**Exercise details**
Although the material holds pictures, none belong in the copy; transcribe exactly, and only, the lines from the one with "商品名称:益而高 M5034B 滚刀式电动削笔器 USB接口供电/电池供电 灰色" through the end.

**Material provided**
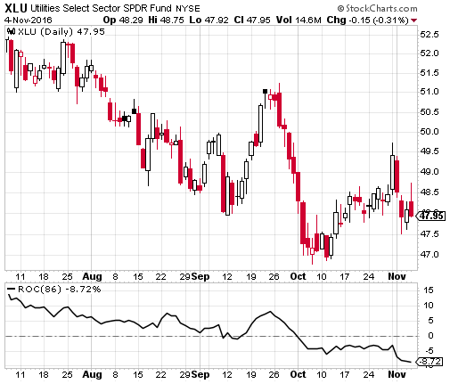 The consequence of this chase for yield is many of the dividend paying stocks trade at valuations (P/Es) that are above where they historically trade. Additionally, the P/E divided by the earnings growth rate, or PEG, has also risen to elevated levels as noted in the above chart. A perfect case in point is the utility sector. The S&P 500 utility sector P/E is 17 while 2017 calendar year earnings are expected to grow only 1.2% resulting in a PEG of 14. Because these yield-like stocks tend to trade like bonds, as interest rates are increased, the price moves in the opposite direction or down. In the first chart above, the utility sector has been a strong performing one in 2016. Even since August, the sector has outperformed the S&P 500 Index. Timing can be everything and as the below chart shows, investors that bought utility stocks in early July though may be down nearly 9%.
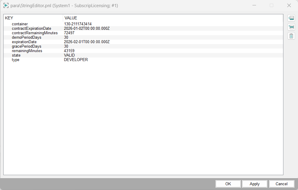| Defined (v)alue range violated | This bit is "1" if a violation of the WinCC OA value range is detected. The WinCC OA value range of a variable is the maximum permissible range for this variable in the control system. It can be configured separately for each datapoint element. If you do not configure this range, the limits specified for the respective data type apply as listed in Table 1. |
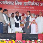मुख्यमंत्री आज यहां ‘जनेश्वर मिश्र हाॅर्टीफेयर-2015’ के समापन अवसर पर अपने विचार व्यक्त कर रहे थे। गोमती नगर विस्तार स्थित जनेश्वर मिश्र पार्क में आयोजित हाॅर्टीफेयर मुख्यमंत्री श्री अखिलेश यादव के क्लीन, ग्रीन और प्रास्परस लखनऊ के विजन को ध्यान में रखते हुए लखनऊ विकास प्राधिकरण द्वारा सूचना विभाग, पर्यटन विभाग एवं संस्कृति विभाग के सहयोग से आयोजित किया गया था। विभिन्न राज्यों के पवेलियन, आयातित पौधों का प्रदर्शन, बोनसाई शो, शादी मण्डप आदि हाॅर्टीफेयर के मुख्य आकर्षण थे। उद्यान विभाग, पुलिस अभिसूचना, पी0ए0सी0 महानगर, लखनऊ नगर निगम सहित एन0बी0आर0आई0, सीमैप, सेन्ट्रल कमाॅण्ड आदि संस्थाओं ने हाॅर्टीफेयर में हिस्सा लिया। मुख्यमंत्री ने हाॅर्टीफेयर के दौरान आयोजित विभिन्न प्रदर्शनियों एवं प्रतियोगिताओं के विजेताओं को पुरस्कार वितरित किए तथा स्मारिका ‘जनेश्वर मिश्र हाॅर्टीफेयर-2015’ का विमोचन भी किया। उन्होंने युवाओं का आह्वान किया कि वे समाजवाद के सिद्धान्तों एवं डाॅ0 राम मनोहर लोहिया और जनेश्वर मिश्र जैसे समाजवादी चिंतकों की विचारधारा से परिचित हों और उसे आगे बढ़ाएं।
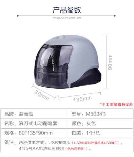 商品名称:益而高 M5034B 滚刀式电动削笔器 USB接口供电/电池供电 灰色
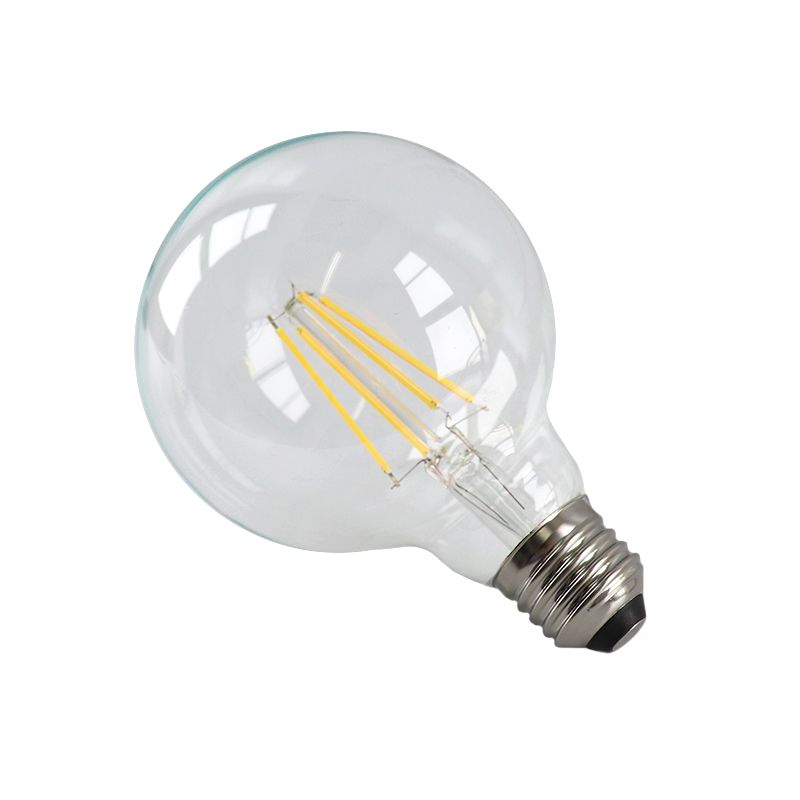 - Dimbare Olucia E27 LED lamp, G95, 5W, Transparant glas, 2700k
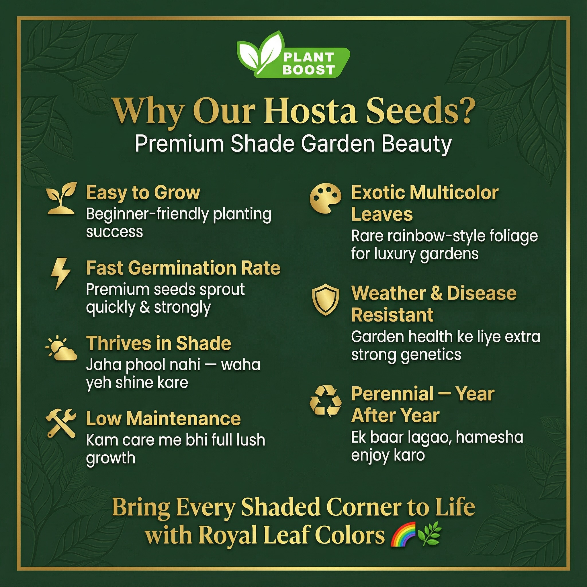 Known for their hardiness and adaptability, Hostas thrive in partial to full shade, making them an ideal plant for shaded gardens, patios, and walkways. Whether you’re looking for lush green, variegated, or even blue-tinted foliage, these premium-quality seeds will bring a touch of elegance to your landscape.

**Response area**
 商品名称:益而高 M5034B 滚刀式电动削笔器 USB接口供电/电池供电 灰色
 - Dimbare Olucia E27 LED lamp, G95, 5W, Transparant glas, 2700k
 Known for their hardiness and adaptability, Hostas thrive in partial to full shade, making them an ideal plant for shaded gardens, patios, and walkways. Whether you’re looking for lush green, variegated, or even blue-tinted foliage, these premium-quality seeds will bring a touch of elegance to your landscape.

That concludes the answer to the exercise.